Open rkbwde opened 5 years ago
Using Windows, Adobe Acrobat XI also shows adjacent words without spaces when searching / copying :-(
So I wonder what changed in tesseract's PDF renderer from V3 to V4 ...
Same problem here. Text output is great. But for a PDF, MacOS Preview is awful, merging words all over the place. Chrome is better, Adobe Reader, too. None of them is perfect though.
I hadn't seen this problem with v. 3 of tesseract, but it popped up right away with my first use of v. 4.
See issue #1900. That change is the only thing that I can think of that would help, but as you see it has some tradeoffs. I don't know what current consensus is.
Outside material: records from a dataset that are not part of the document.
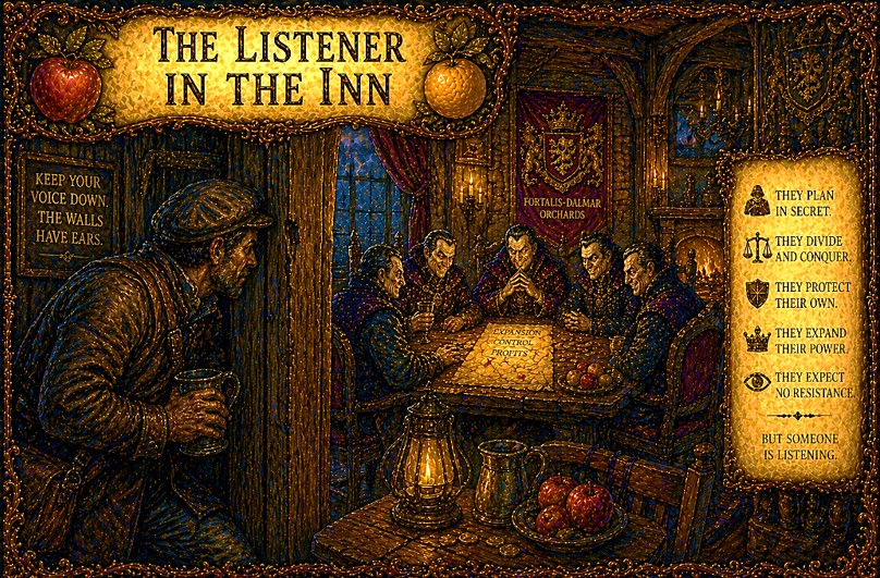 Twice each month, under dim lantern light, the Farm Lords gathered in a grand inn at the heart of Fortalis-Dalmar. No Picker was permitted beyond its doors.
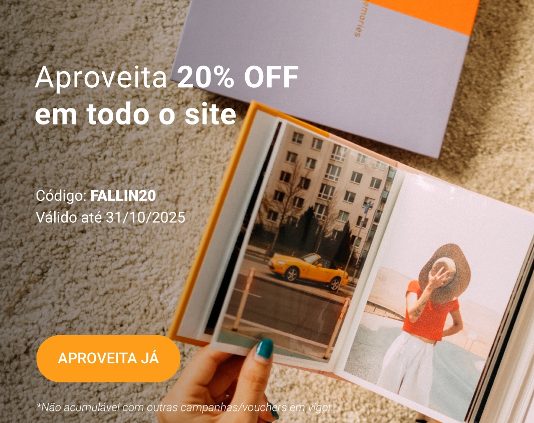 Campanha válida exclusivamente em vouchers de Álbuns de Fotos. Caso pretendas aproveitar a campanha mais do que uma vez, deves fazer as encomendas separadamente.
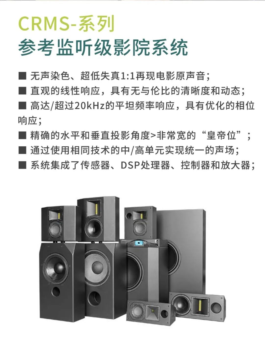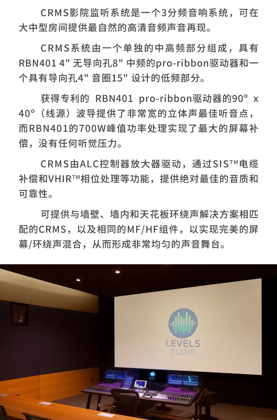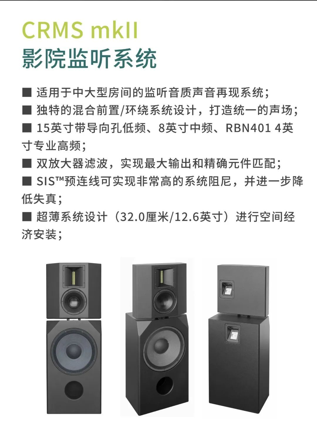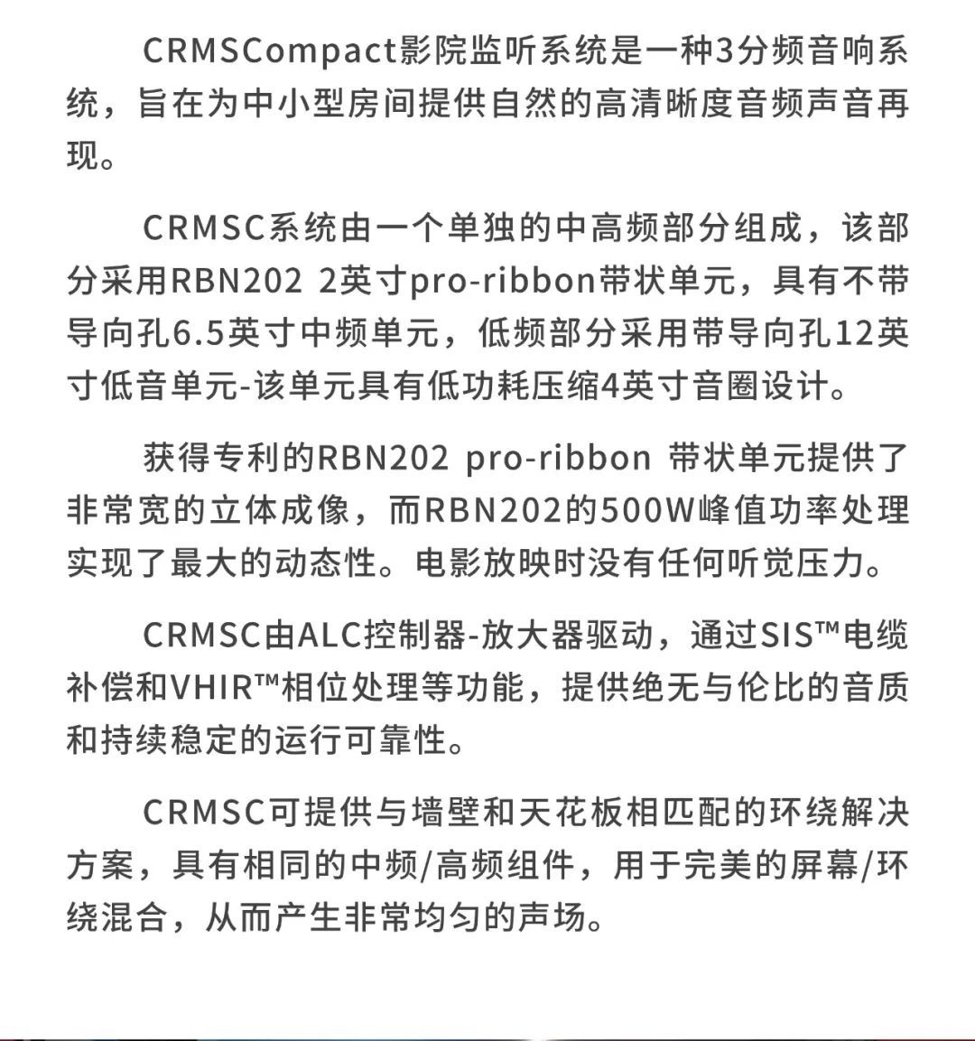 較小的審片室使用CR1影院音箱,包括1個12寸低頻單元以及1個6.5寸中頻單元,音箱厚度僅為18厘米。另外,審片室還配置了CCS8二分頻環繞立體聲音箱以及1只BF181i低音炮。
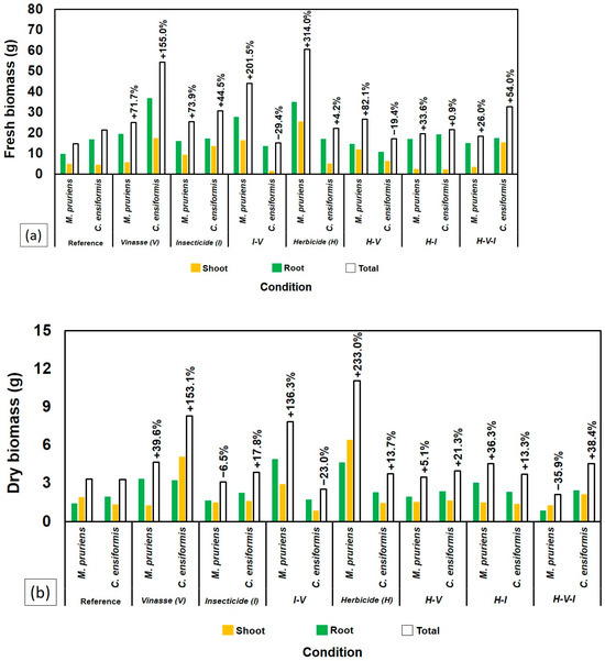 - Frias, Y.A.; Lima, E.W.; Aragão, M.B.; Nantes, L.S.; Moreira, B.R.A.; Cruz, V.H.; Tomaz, R.S.; Lopes, P.R.M. Mucuna pruriens cannot develop phytoremediation of tebuthiuron in agricultural soil with vinasse: A morphometrical and ecotoxicological analysis. Front. Bioeng. Biotechnol. 2023, 11, 1156751. [Google Scholar] [CrossRef]
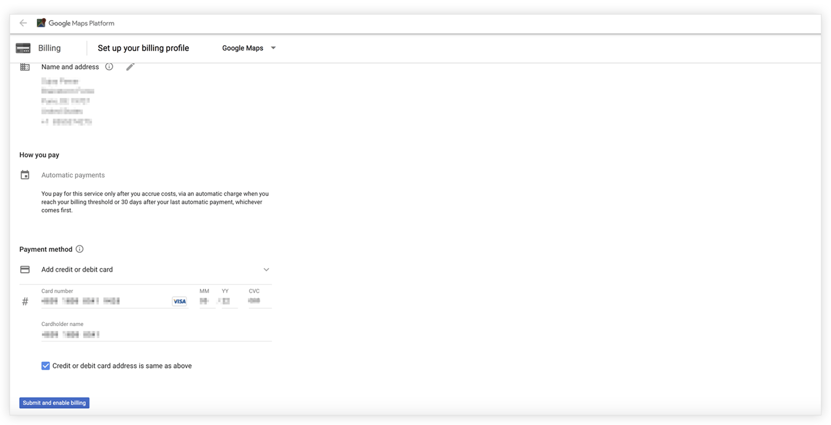 Step 5 – Choose the Payment method and add payment details. Click Submit and enable billing.
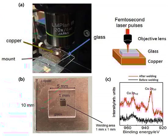 (a) Image and schematic diagram demonstrating the joining of a glass substrate to the copper plate with a rough surface by UF laser without a fixture; (b) Welded Cu–glass sample; (c) XPS spectra on the cleaved glass surface after microwelding. Reprinted from Ref. [27] with permission of JLMN, 2018.
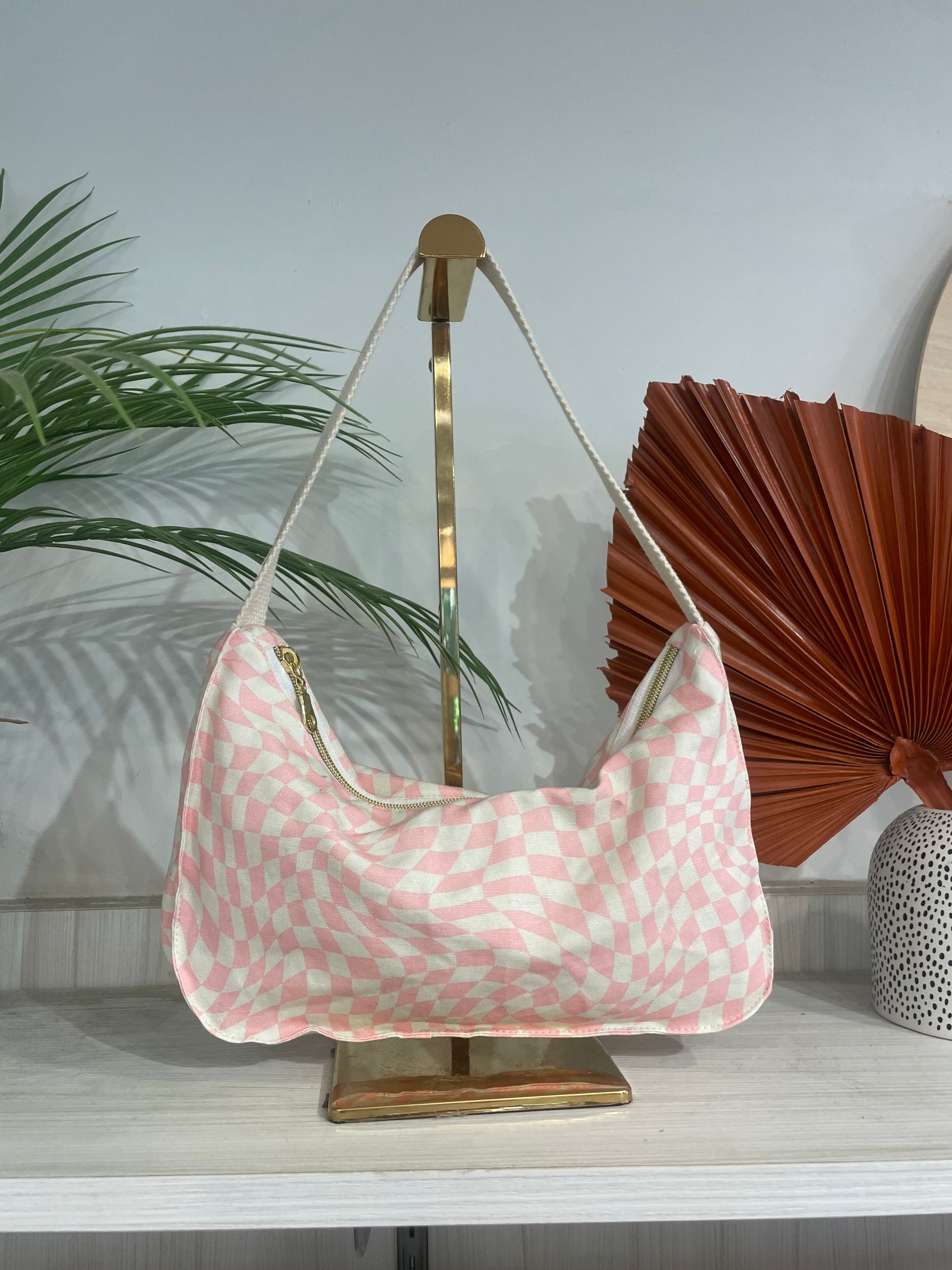 Pink checkered Ry-n shoulder bag
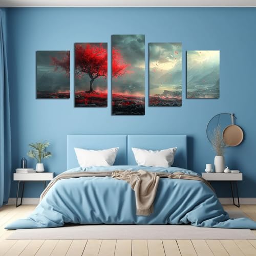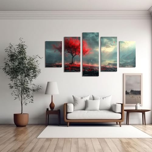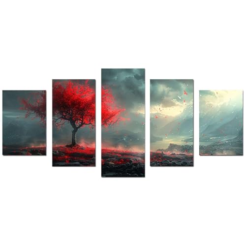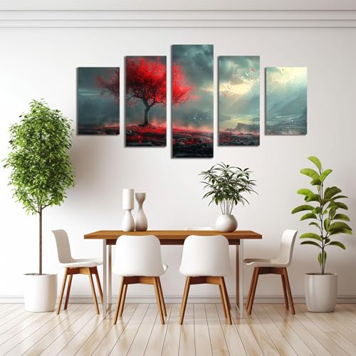 JOSUE - JOSUE 5 Pieces Tree of Life Canvas Art Panel Painting Tree Under Dark Clouds Art Panel Decor Canvas Painting,Red Abstract Interior Painting with Art Panel Art for Inn Offense Home Living Room Dining
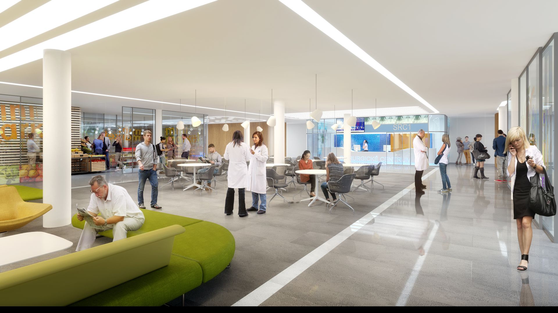 Nový hlavní vstup do CHC bude vytvořen na jižní straně, kde je možné vybudovat dostatečně kapacitní předprostor s mnoha funkcemi a napojením na parking a novou autobusovou zastávku. Nově dimenzovaný vjezd do areálu má za úkol odlehčit stávajícímu vjezdu a rovnoměrně rozložit vstup velkého množství pacientů na dvě strany. Novostavba je navržena pětipodlažní, lůžkové jednotky jsou soustředěny vždy 4 na jedno podlaží. Je to variabilní a ekonomické řešení, které nevylučuje různé kombinace klinik, lepší sdílení zázemí i komplementu a ani případné navýšení objektu.
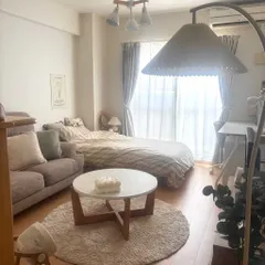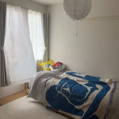 旭店 SCさん マットレスを自分好みのものにするだけで 睡眠の質が変わりました。 低彩度のグレーをメインカラーにして、 落ち着ける空間をつくりました! 照明は電球が直接目に触れないよう、カバーがついたタイプのペンダントライトを選びました。 リビングのアソートカラーであるブルーを寝室にも取り入れることで、家全体で見た
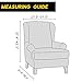 ☁ 2-PIECE COVERS DESIGN: 2 piece wingback chair cover including 1 base cover and 1 cushion cover. which make a better fit and perfect stretch to all edges, smooth and wrinkle free. Fits most wing chairs that are 27.5"-31.5"long, 37.4"-43.3"high, and 31.5"-36.2"wide.
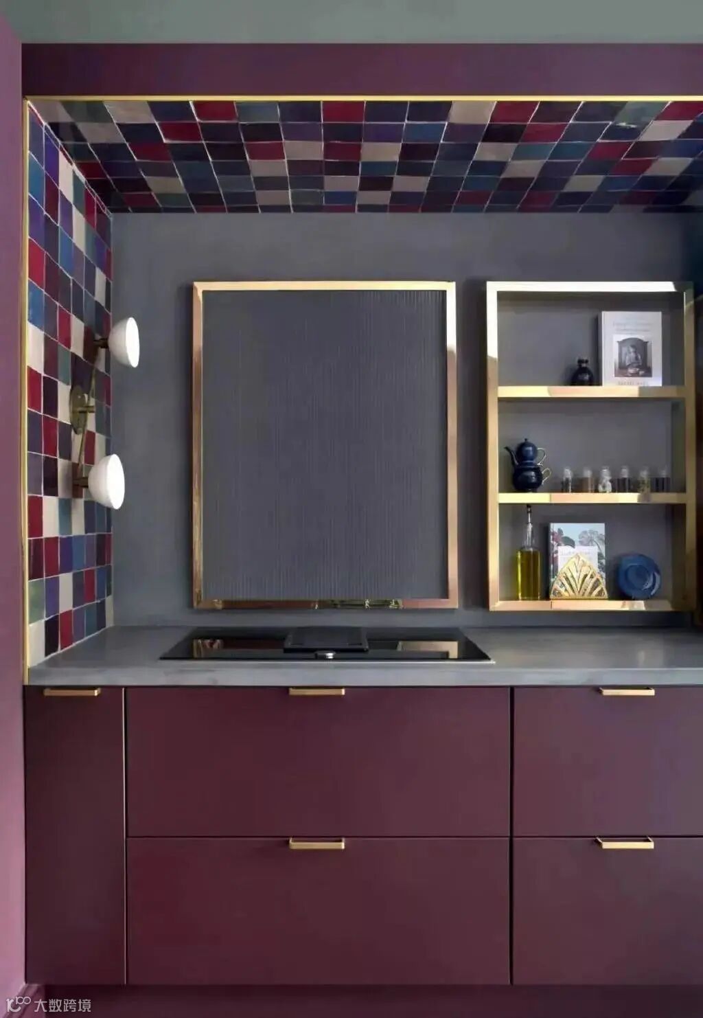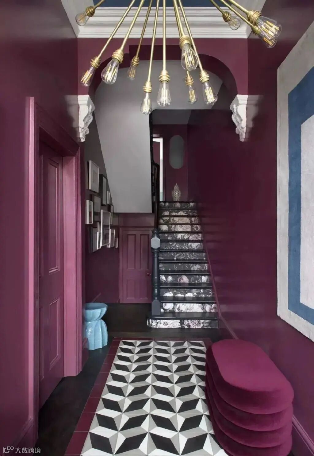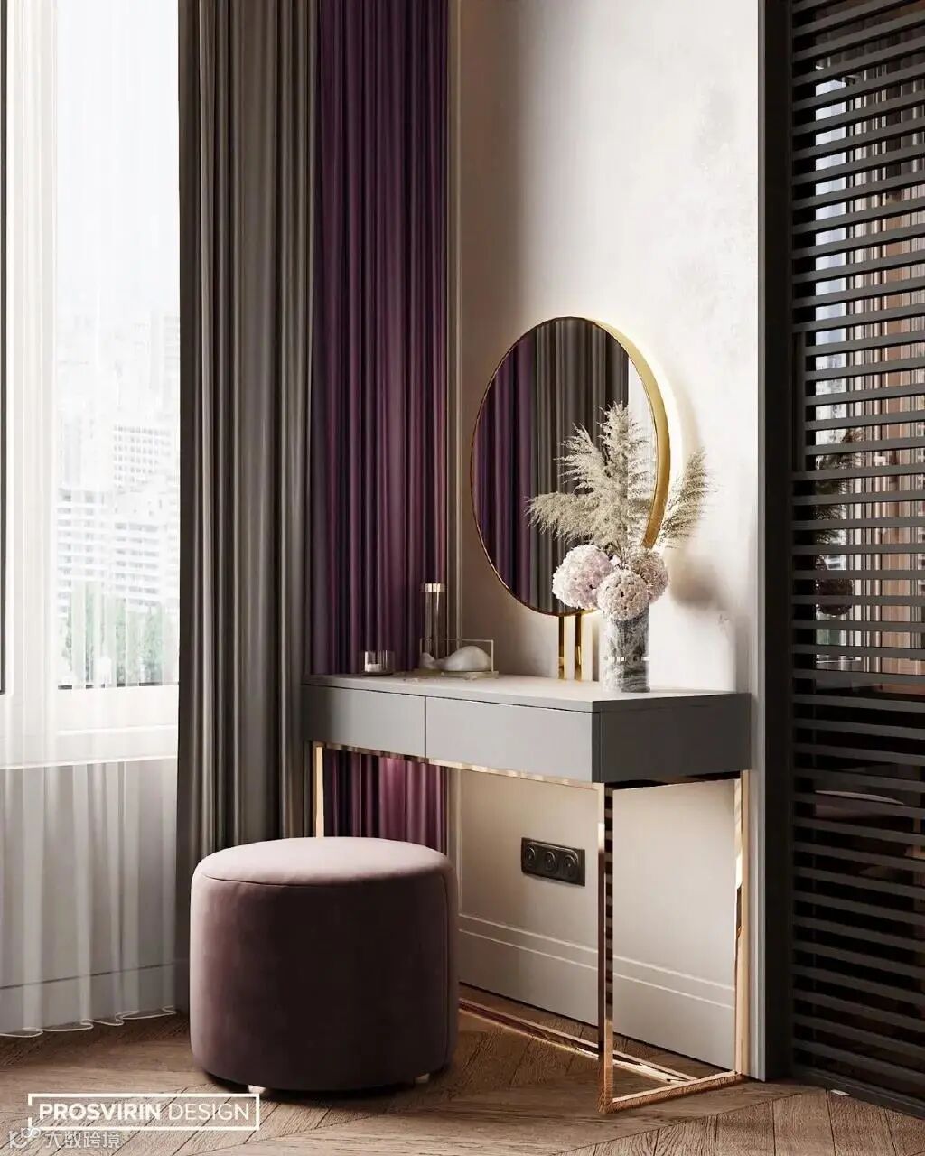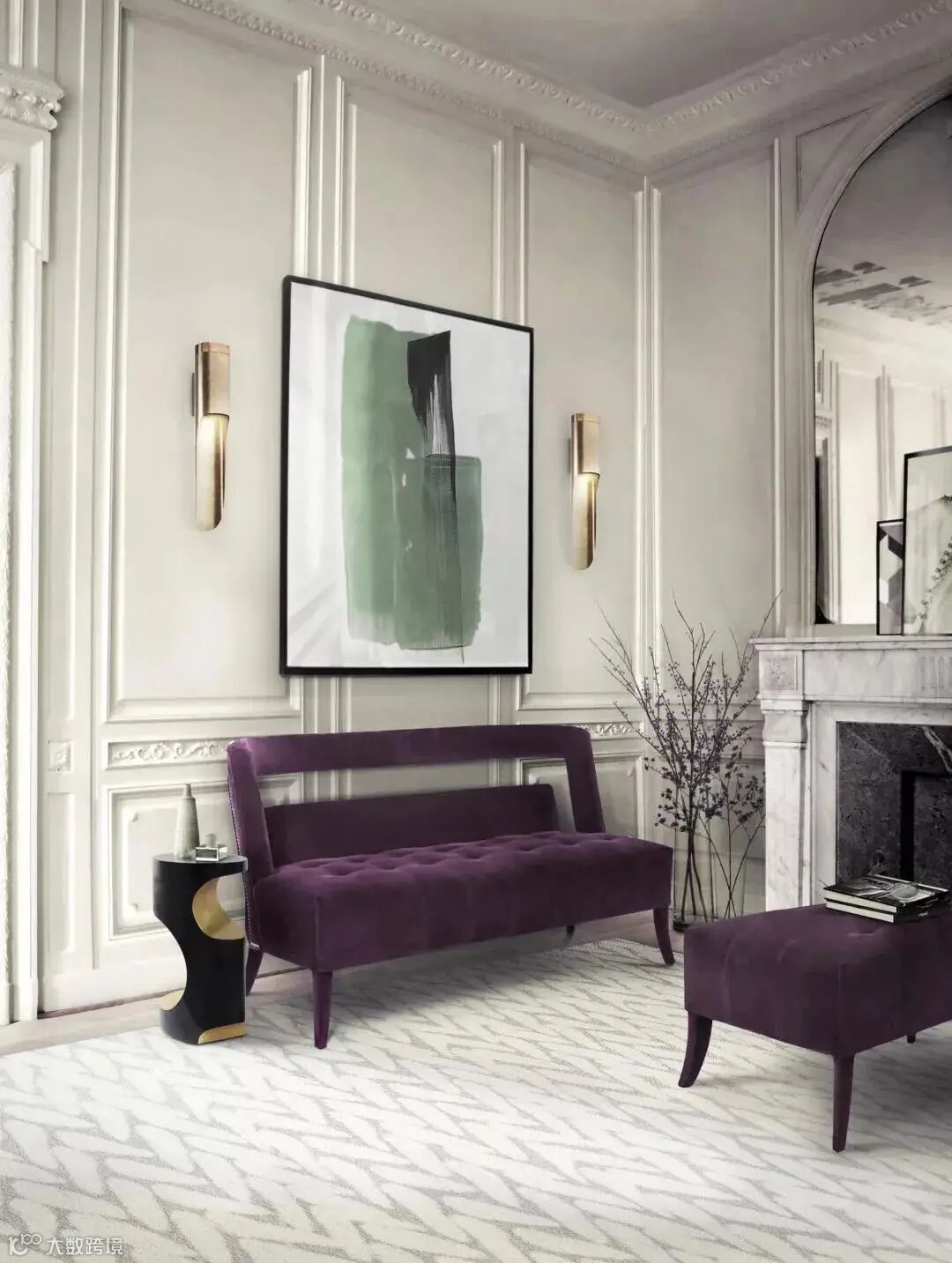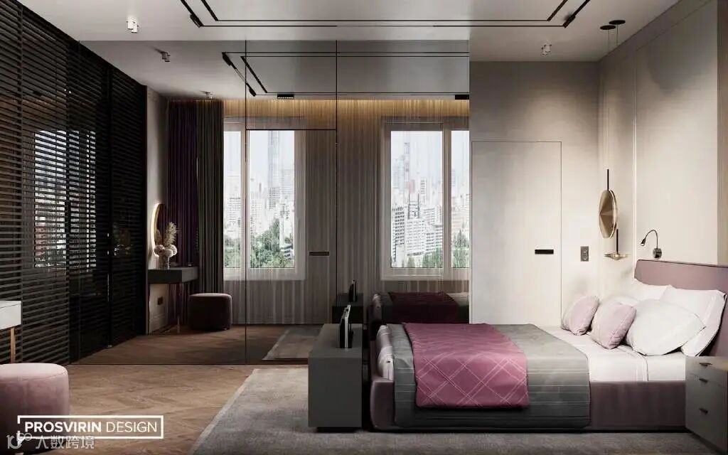 如果用丝绒材质的葡萄紫来搭配金属饰面或者是金属的材质,那么这个空间是非常的神秘、复古奢华,同时又非常的庄重高贵。

I'll look at the samples and post on that thread. For the record, I reinstalled v3 and got improved output on the PDF, though some of the spacing was missing there, too, at least in MacOS Preview. Adobe Reader was excellent.
I'm experiencing the same problem as in bug #1235 (missing spaces in textonly PDF). I tried different PDF viewers as suggested (okular,evince,firefox) - to no avail. If I copy text from PDF file, I get two adjacent words without spaces (okular, firefox) or a line feed between two words (evince).
If I use tesseract 3.05, I get spaces between words as expected, but many false letters. With tesseract 4.0, letter recognition is perfect though the scan quality is quite poor - congratulations to LSTM !
I'd like to creare a searchable PDF with ocrmypdf which makes heavy use of tesseract's textonly PDFs. However, the trouble is that PDF full text search doesn't work properly due to the missing spaces as word boundaries are missing :-(
P.S. Using preserve_interword_spaces didn't help.
Environment
tesseract 4.0.0 leptonica-1.76.0 libjpeg 8d (libjpeg-turbo 1.3.1) : libpng 1.6.8 : libtiff 4.0.9 : zlib 1.2.11 : libwebp 0.4.3
Linux 4.4.166 #1 SMP PREEMPT Sun Dec 2 21:52:40 CET 2018 x86_64 x86_64 x86_64 GNU/Linux
Please find atached an example (PNG, TXT and textonly PDF), command was " tesseract -c textonly_pdf=1 -c preserve_interword_spaces=1 -l deu tst-000.png tst-000 pdf"
tst-000.txt tst-000.pdf